■ **What you should do**: Reproduce every line of the data, exactly and without its pictures.
Data block Start Marker
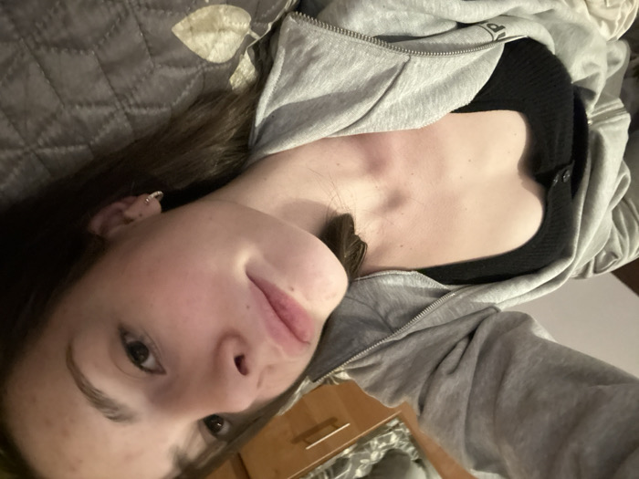 - "A young woman with fair skin and brown hair lies on a patterned gray surface, likely a bed or couch" by FM-5yziL2, licensed under CC BY 4.0
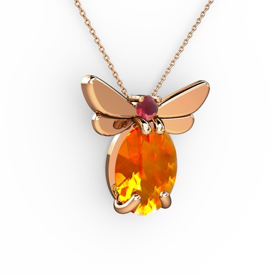 Sitrin ve kök yakut 18 ayar rose altın kolye (40 cm rose altın rolo zincir)
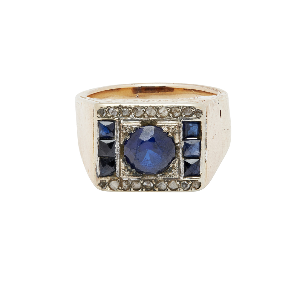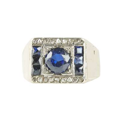 set with a round cut synthetic sapphire between two rows of three French-cut sapphires, flanked above and below by rose cut diamonds, engraved detail to gallery, French marks to outside of shank
Data block End Marker
■ **Finished task**:
 - "A young woman with fair skin and brown hair lies on a patterned gray surface, likely a bed or couch" by FM-5yziL2, licensed under CC BY 4.0
 Sitrin ve kök yakut 18 ayar rose altın kolye (40 cm rose altın rolo zincir)
 set with a round cut synthetic sapphire between two rows of three French-cut sapphires, flanked above and below by rose cut diamonds, engraved detail to gallery, French marks to outside of shank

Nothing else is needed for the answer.